===== Data for this task =====

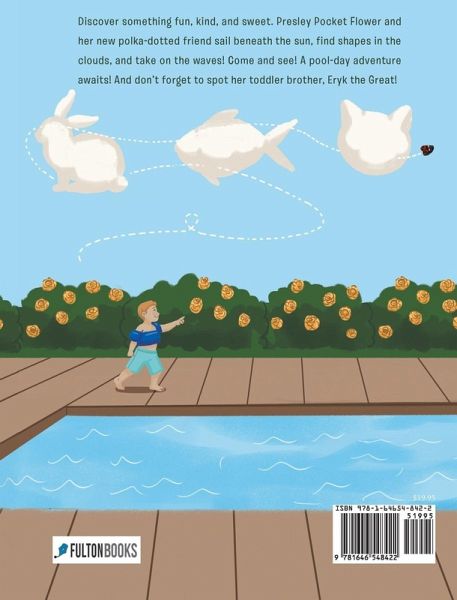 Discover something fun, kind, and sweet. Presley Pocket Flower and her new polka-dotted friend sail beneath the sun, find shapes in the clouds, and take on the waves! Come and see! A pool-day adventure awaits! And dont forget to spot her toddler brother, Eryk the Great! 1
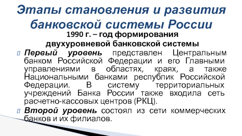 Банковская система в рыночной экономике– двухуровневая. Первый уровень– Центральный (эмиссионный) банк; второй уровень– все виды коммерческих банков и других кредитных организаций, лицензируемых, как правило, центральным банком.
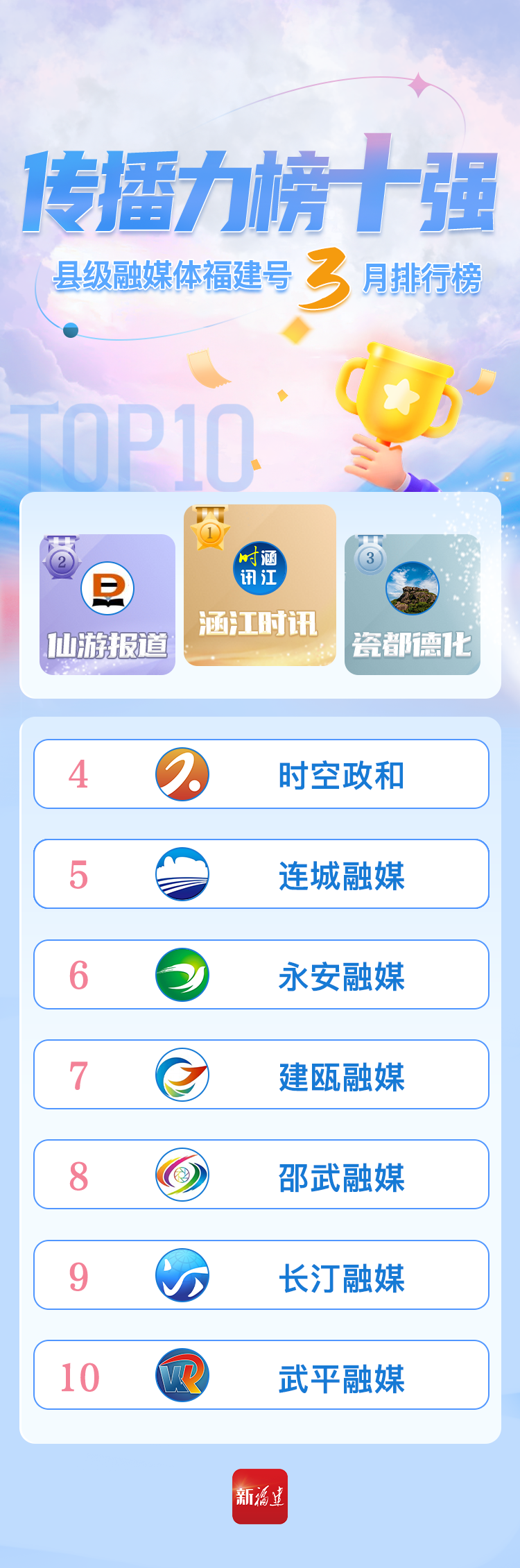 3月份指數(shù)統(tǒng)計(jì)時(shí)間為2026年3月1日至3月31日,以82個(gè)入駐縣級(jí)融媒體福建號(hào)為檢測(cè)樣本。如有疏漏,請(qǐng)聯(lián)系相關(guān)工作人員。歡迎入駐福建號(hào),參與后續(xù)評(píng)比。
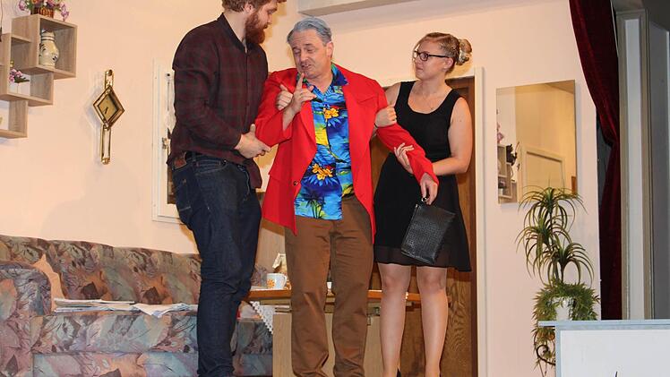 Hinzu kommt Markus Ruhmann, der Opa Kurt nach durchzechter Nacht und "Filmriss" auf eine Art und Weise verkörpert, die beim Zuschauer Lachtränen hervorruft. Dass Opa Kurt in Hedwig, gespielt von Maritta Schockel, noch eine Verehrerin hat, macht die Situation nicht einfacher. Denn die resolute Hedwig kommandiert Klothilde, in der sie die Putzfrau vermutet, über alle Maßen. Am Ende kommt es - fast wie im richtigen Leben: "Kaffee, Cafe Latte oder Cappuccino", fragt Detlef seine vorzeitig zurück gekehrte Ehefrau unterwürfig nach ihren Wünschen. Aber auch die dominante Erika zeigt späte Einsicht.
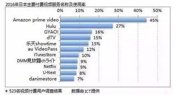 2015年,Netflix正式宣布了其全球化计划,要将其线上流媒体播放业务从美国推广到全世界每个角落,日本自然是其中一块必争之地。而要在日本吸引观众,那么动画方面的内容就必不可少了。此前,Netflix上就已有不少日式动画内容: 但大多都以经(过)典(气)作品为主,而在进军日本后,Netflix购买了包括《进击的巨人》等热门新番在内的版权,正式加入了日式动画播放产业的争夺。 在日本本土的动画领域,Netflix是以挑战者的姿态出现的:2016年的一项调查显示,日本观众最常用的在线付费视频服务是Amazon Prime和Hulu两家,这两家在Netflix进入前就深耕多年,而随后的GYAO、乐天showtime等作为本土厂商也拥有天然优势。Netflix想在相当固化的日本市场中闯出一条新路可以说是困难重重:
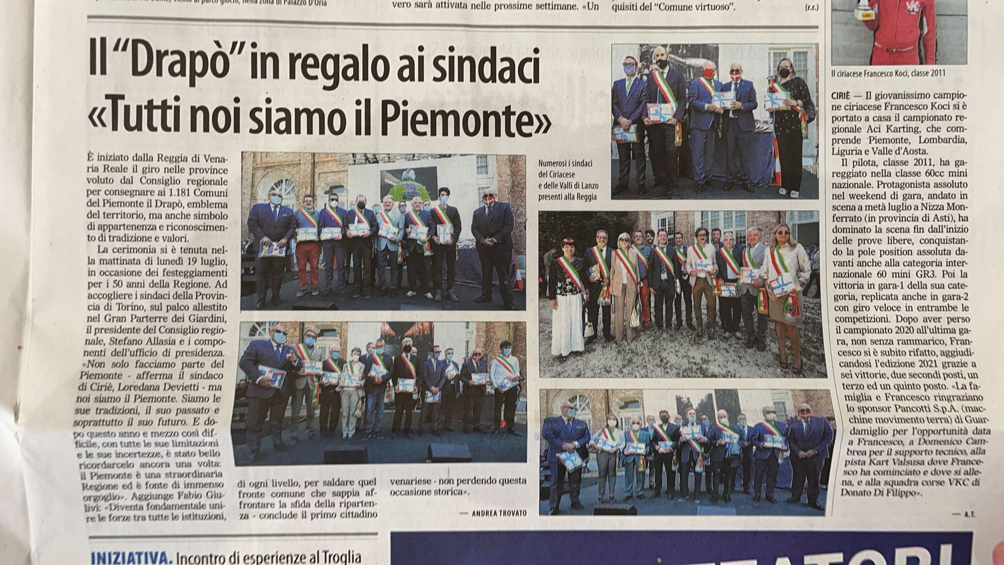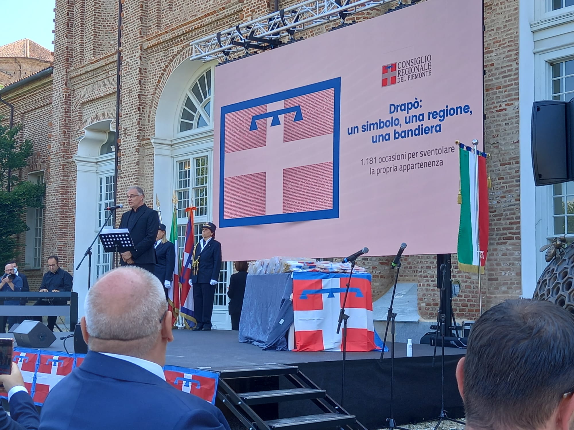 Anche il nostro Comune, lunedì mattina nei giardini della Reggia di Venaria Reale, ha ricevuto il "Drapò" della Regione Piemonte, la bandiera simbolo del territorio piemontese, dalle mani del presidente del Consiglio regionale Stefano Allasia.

=====

# The problem:
Return the records verbatim, minus pictures.

# The answer:
 Discover something fun, kind, and sweet. Presley Pocket Flower and her new polka-dotted friend sail beneath the sun, find shapes in the clouds, and take on the waves! Come and see! A pool-day adventure awaits! And dont forget to spot her toddler brother, Eryk the Great! 1
 Банковская система в рыночной экономике– двухуровневая. Первый уровень– Центральный (эмиссионный) банк; второй уровень– все виды коммерческих банков и других кредитных организаций, лицензируемых, как правило, центральным банком.
 3月份指數(shù)統(tǒng)計(jì)時(shí)間為2026年3月1日至3月31日,以82個(gè)入駐縣級(jí)融媒體福建號(hào)為檢測(cè)樣本。如有疏漏,請(qǐng)聯(lián)系相關(guān)工作人員。歡迎入駐福建號(hào),參與后續(xù)評(píng)比。
 Hinzu kommt Markus Ruhmann, der Opa Kurt nach durchzechter Nacht und "Filmriss" auf eine Art und Weise verkörpert, die beim Zuschauer Lachtränen hervorruft. Dass Opa Kurt in Hedwig, gespielt von Maritta Schockel, noch eine Verehrerin hat, macht die Situation nicht einfacher. Denn die resolute Hedwig kommandiert Klothilde, in der sie die Putzfrau vermutet, über alle Maßen. Am Ende kommt es - fast wie im richtigen Leben: "Kaffee, Cafe Latte oder Cappuccino", fragt Detlef seine vorzeitig zurück gekehrte Ehefrau unterwürfig nach ihren Wünschen. Aber auch die dominante Erika zeigt späte Einsicht.
 2015年,Netflix正式宣布了其全球化计划,要将其线上流媒体播放业务从美国推广到全世界每个角落,日本自然是其中一块必争之地。而要在日本吸引观众,那么动画方面的内容就必不可少了。此前,Netflix上就已有不少日式动画内容: 但大多都以经(过)典(气)作品为主,而在进军日本后,Netflix购买了包括《进击的巨人》等热门新番在内的版权,正式加入了日式动画播放产业的争夺。 在日本本土的动画领域,Netflix是以挑战者的姿态出现的:2016年的一项调查显示,日本观众最常用的在线付费视频服务是Amazon Prime和Hulu两家,这两家在Netflix进入前就深耕多年,而随后的GYAO、乐天showtime等作为本土厂商也拥有天然优势。Netflix想在相当固化的日本市场中闯出一条新路可以说是困难重重:
 Anche il nostro Comune, lunedì mattina nei giardini della Reggia di Venaria Reale, ha ricevuto il "Drapò" della Regione Piemonte, la bandiera simbolo del territorio piemontese, dalle mani del presidente del Consiglio regionale Stefano Allasia.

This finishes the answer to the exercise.